With reference to the report You may pay more tax to fund quota (February 19), the education cess levied in 2004 provides funds for two key elementary education programme, the Sarva Shiksha Abhiyan and the mid-day meal scheme. The education cess proceeds are gathered in the Prarambhik Shiksha Kosh, which has been notified on August 30, 2006, and can be seen in the budget papers of the Government of India annually.
Upto November 2006, against a budget estimate of Rs 11,000 crore for SSA in 2006-07, Rs 8,493.59 cr (81.2 per cent) had been released by GoI to the state/UT SSA programmes. By February 15, 2007, the release to the states is at 96 per cent. Thus, to say that two-thirds of funds remained ‘unspent’ for SSA in the current year in first eight months is incorrect. By December 2006, the SSA had utilised up to 75 per cent. This figure was 60 per cent utilisation at end of September 2006. The reporter’s assumption that SSA is not utilising its funds is wrong.
By December 2006, the states/UTs had provided their state share to the extent of 29 per cent, which is well above the stipulated 25 per cent requirement of states’ contribution. Bihar, Jharkhand, Uttar Pradesh and West Bengal have always released their matching state contribution. In 2005-06, the SSA budget utilisation was 97.03 per cent and not 55 per cent as written in the article.

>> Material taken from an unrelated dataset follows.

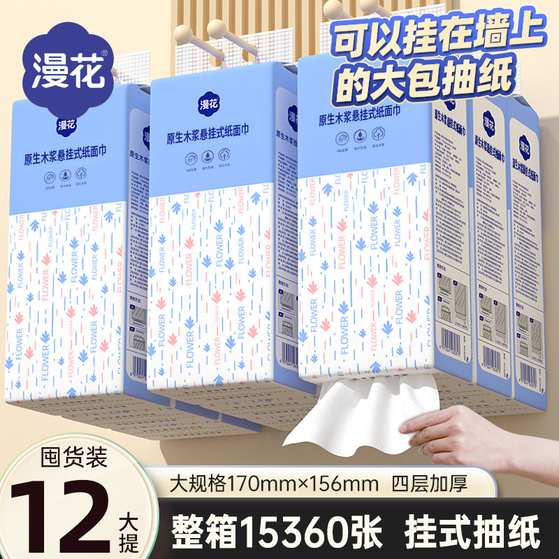 漫花1280张抽纸大提整箱批家用无香型卫生纸悬挂整箱实惠卫生纸

DK Gautam, Ministry of HRD,Delhi
The detention of Ottavio Quattrochhi in Argentina is not incidental but done deliberately to pressurise the Indian government at a time when the Indian economy is doing well. The Opposition must realise we are more concerned about inflation and lack of infrastructure.
Praveen verma, Delhi
No God for terrorists
Prem Shankar Jha, in his article Ticket to ride (February 23), is right that the Samjhauta attack was to increase differences between India and Pakistan. Terrorists have no religion and no God.